Cabozantinib Plus Docetaxel and Prednisone for Advanced Prostate Cancer

• INCLUSION CRITERIA:
• Must have metastatic, progressive, castrate resistant prostate cancer (CRPC). There must be radiographic evidence of disease after primary treatment with surgery or radiotherapy that has continued to progress radiographically or biochemically (rising PSA levels on successive measurements) despite adequate androgen-deprivation therapy, which is defined as having undergone bilateral surgical castration or continued treatment on GnRH agonists or antagonists.

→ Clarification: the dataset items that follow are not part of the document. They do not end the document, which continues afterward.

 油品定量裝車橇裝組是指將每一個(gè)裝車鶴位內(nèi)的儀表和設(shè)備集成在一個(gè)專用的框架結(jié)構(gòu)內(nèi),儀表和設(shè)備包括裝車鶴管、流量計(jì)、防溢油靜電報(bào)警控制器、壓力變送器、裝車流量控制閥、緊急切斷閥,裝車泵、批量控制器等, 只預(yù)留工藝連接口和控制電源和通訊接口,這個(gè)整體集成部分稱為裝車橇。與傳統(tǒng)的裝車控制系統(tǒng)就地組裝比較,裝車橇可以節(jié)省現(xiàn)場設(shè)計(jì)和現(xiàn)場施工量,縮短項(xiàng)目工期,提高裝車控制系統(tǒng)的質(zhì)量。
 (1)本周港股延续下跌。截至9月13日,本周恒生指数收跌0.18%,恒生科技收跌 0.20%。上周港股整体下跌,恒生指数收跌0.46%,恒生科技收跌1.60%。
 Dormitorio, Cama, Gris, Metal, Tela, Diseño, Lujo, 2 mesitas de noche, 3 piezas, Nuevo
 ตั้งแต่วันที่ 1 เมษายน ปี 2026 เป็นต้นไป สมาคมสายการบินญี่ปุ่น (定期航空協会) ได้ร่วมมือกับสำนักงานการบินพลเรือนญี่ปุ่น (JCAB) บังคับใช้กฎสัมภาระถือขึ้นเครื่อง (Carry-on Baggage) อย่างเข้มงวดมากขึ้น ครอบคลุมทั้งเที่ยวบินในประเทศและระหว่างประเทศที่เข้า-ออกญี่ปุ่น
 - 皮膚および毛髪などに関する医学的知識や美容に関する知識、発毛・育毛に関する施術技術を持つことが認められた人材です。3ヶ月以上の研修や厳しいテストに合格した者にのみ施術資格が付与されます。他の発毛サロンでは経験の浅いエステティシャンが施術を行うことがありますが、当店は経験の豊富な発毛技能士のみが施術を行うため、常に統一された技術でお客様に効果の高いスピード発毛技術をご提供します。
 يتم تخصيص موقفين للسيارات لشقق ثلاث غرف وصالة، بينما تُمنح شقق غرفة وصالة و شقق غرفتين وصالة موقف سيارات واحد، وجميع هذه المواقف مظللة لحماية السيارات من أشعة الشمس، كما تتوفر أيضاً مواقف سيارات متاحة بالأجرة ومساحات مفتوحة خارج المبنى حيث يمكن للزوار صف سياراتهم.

Progression must be evidenced and documented by any of the following parameters:

• Two consecutively rising PSA values, above the baseline, at a minimum of 1- week intervals
• Appearance of one or more new lesions on bone scan
• Progressive measurable disease by RECIST 1.1

The use of androgen receptor inhibitors is not required prior to study entry. For those patients receiving an anti-androgen agent (flutamide, bicalutamide, or nilutamide), for at least 6 consecutive months immediately prior to study entry, and are entering the trial due to a rise in PSA, they must demonstrate a continued rise in PSA within 4 weeks after stopping flutamide and within 6 weeks after stopping bicalutamide or nilutamide. Flutamide, nilutamide and bicalutamide disease progression requirements only apply to patients who have been on these drugs for at least the prior 6 months.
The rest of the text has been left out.